Ce nouvel outil, qui sera rétroactif au 24 février 2022, complète le Fonds Européen de Défense (plus de 8 milliards d'euros sur la période 2021-2027), qui se concentre essentiellement sur les programmes de Recherche et de Développement. Ce fonds sera d'ailleurs pérennisé par un futur programme permanent d'acquisitions conjointes d'ici à la fin de l'année.
Reconstituer les stocks de munitions
Cette initiative va permettre de reconstituer une partie des stocks d'armements (missiles, artillerie, munitions notamment) qui ont été donnés à l'Ukraine pour se défendre face à l'invasion russe. "Nous créons un mécanisme incitatif abondé par le budget européen, pour que les États Membres - nombreux sont ceux qui ont annoncé une augmentation significative de leur dépense de défense - achètent ensemble. Cela permettra de mieux dépenser l'argent public, et de booster notre base industrielle européenne", estime Thierry Breton. Trois pays au moins devront se mettre d'accord pour acheter le même matériel. "Les stocks des pays européens se sont affaiblis", rappelle-t-on dans l'entourage du commissaire.

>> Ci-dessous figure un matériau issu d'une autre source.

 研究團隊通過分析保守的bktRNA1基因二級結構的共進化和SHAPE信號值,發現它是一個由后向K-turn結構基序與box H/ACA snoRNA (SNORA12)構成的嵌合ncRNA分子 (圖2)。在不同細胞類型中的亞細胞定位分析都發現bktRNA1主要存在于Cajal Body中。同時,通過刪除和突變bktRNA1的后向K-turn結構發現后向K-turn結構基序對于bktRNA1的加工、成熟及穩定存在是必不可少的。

Cet instrument répond d'abord à une des conséquences des transferts d'armes vers l'Ukraine. Il servira notamment à reconstituer les stocks de munitions de 155 mm des obusiers Caesar, Crab (Pologne) et Howitzers (Etats-Unis) mais aussi de missiles antichars et des systèmes portatif de défense aérienne (Manpads), les missiles sol-air léger portés à l'épaule mais aussi des pièces d'artillerie légères et lourdes. Au-delà de l'urgence de la guerre en Ukraine, il devrait aider la Base industrielle technologie et de défense européenne (BITDE) à réussir sa montée en cadence (ramp up) pour faire face à ses propres défis du retour de la guerre de haute intensité. Soit produire plus vite pour constituer des stocks nécessaires tout en ayant une coordination au niveau européen avec la mise en place d'une Task force européenne. Enfin, cet instrument devrait permettre de renforcer l'interopérabilité de ces matériels, dont de nombreux modèles équipent les armées de l'UE.

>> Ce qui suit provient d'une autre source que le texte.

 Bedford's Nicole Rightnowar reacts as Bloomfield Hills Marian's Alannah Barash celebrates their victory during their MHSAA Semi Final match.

Bataille pour les armements étrangers
Thierry Breton s'est battu contre certains pays, qui voulaient intégrer sans état d'âme des achats d'armements étrangers, notamment américains et israéliens. La Commission a finalement tranché en faveur des critères d'éligibilité du Fonds européen de défense : être établi et avoir sa structure de management dans l'UE, ne pas être contrôlé par des entités d'États tiers non membres de l'UE et ne pas avoir des équipements ayant des restrictions d'emploi comme la réglementation ITAR ou équivalentes (Israël). Tel Aviv a ainsi refusé la réexportation de missiles Spike vers l'Ukraine, précise-t-on. Tout comme la Suisse a bloqué le transfert de munitions vers l'armée ukrainienne. "Nous voulions éviter de tomber dans certaines dépendances, précise-t-on dans l'entourage du commissaire. Nous ne voulons pas que la BITDE soit assujettie à des contrôles d'autorités étrangères pour utiliser ces armements".

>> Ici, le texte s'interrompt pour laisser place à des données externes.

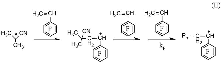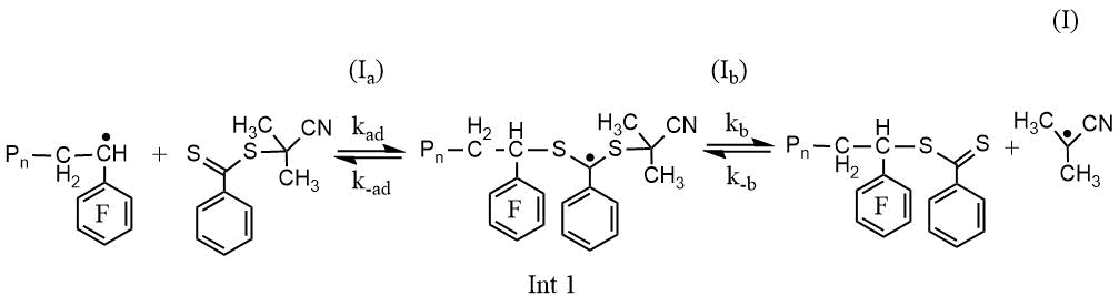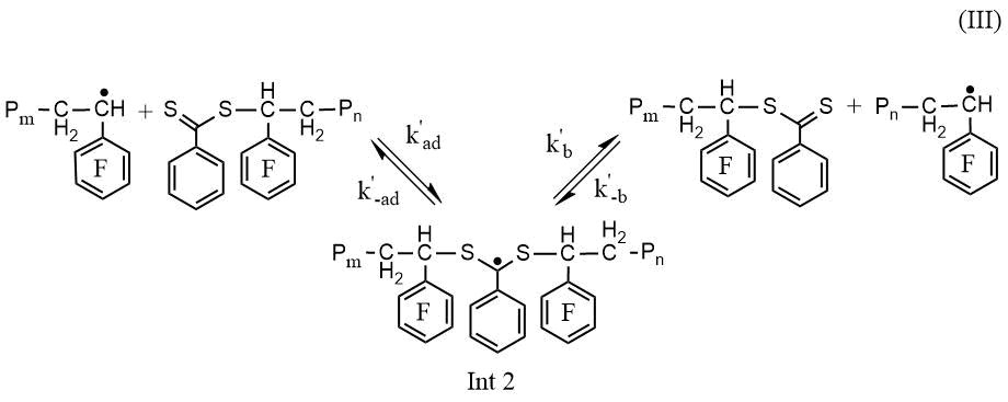 RAFT polymerization of PFS along with the elementary reactions of classical radical polymerization (initiation, propagation and chain termination) includes stages that provide controlled synthesis of poly-2,3,4,5,6-pentafluorostyrene (PPFS): 1) attachment of a growing polymer radical to a low molecular weight CTA with subsequent fragmentation of the intermediate (Int 1), leading to the formation of a macro-CTA and the release of the radical of the leaving group of CTA (Scheme 1, reaction I); 2) reinitiation of the polymer chain by the radical of the leaving group of CTA (Scheme 1, reaction II) and 3) attachment of the growing polymer radical to macro-CTA (Scheme 1, reaction III).

Le montant de 500 millions provient de marges de budgets européens non alloués (Ending 5). Cette initiative arrive au moment où les ministres des Affaires étrangères de l'Union européenne (UE) ont convenu lundi d'un financement supplémentaire de 500 millions d'euros de l'UE pour fournir des armes à l'Ukraine, portant ce soutien à 2,5 milliards d'euros depuis que la Russie a envahi l'Ukraine le 24 février.